Although we don’t have such a well-established cultural 
convention for praising sound engineers and record 
producers as we do for visual artists, we all recognize Kind 
Of Blue as being a good recording as well as a good 
performance. It has a clarity and an unreal stillness that 
wouldn’t be possible in a live performance - and of course 
the audio experience is different through speakers than it 
would be in a concert hall. In short, just as we’re very 
rarely ‘fooled’ by a film into thinking we’re witnessing the 
reality of what is represented, we also recognize recorded 
music for what it is - and we can appreciate the qualities 
of a schematic representation of a musical performance as 
much as we appreciate film making, painting and 
photography. 

2. SONIC CARTOONS & SEMANTIC AUDIO 

Waves’ Tony Maserati Signature Series plug-ins provide 
controls with labels such as ‘thump’ and ‘snap’. This 
reflects a more universal problem of communication that 
recording and mix engineers face [9] - the use of non- 
technical and metaphorical language in discussions with 
musicians. The term semantic audio, particularly within 
AES circles, more commonly relates to research that 
works in the opposite direction - of extracting features and 
meaning from the raw data of audio files. However, the 
question of what kinds of sonic features would we expect 
when someone uses a semantic descriptor such as ‘heavy’, 
‘fat’ or indeed ‘thump’ is equally interesting. 

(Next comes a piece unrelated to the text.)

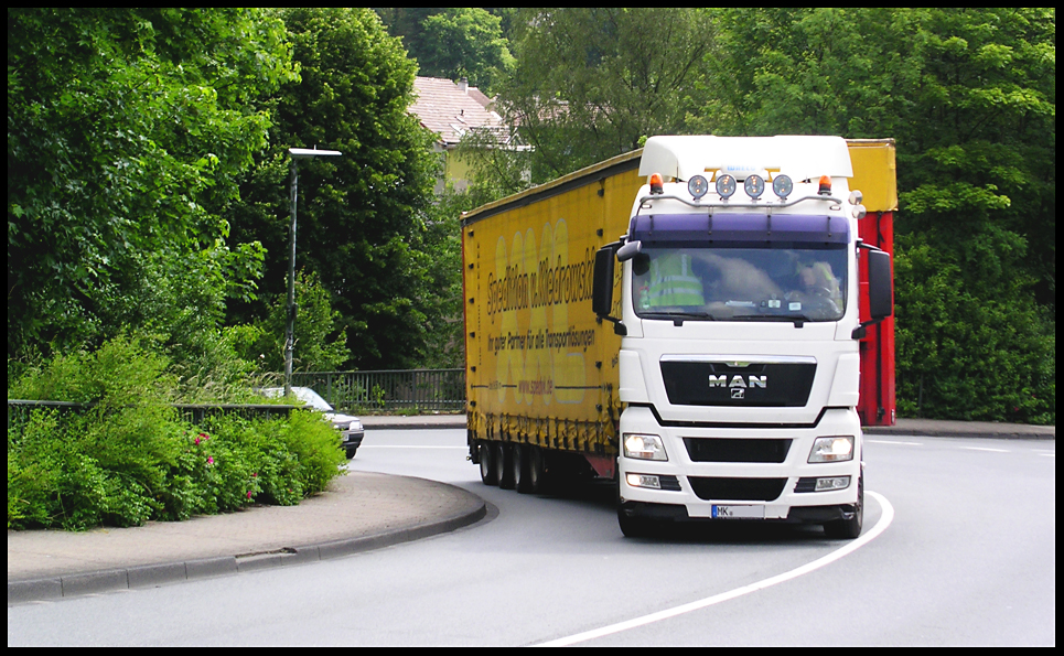 Juni 2012/ ein MAN TGX - Sattelzug macht sich an den kurvenreichen Anstieg - vermutlich zur A 1 Auffahrt Remscheid (?)

By exploring invariant properties and their affordances 
for interpretation, we aim to explore how controls with 
semantic descriptors that map onto a range of potential 
parameters (and multiple channels of audio) can be 
developed. While current examples, such as those released 
by Waves, are based on modeling signature processing 
techniques associated with well-known individuals, our 
aim is to explore more general processing techniques and 
the possibility that the affordance of a particular semantic 
descriptor might be achieved in a variety of different 
ways. 

3. EXAMPLES 

The audio examples will come from two key approaches 
to processing, focusing on both a channel based approach 
and bus based processing. In the channel based processing 
tools such as the Waves Maserati DRM will be explored, 
looking particularly at the thump and snap control. The 
examples will show the effect of this process and also 
break down the processes involved in creating the stated 
characteristics. Alternative methodologies for creating 
perceived thump and snap will be employed, with a range 
of elements including bass guitar processed with the same 
tools, looking at how thump is a different proposition on a 
less transient element than the drums. 

The examples will also explore the idea of effort, 
undertaking processing both on drum overheads and also 
on a vocal, looking at how it is possible to increase the 
perceived performance effort of the artist recorded. 
Though a range of terms could be explored, the selected 
examples provide an insight into the often-complicated 


layering of processing required to represent the 
affordances of a given semantic descriptor. 

The second set of examples come from bus based 
processing- the new Waves Scheps Parallel Particles 
plugin offers a set of parallel processing tools to be used 
on a channel, again featuring semantic descriptors such as 
air, bite, thick and sub. The Waves Manny Marroquin 
Tone Shaper similarly works though parallel processing. A 
multibus system has been developed inspired by the work 
of Michael Brauer that allows the manipulation of tone in 
both parallel and destination busses using descriptors such 
as thick, lift, punch, air and warm. Examples of the effect 
of these busses will be provided, demonstrating how these 
broad descriptors can be used on parallel busses to bring 
warmth, punch or air to varied materials simultaneously 
and without compromise to the original signal. 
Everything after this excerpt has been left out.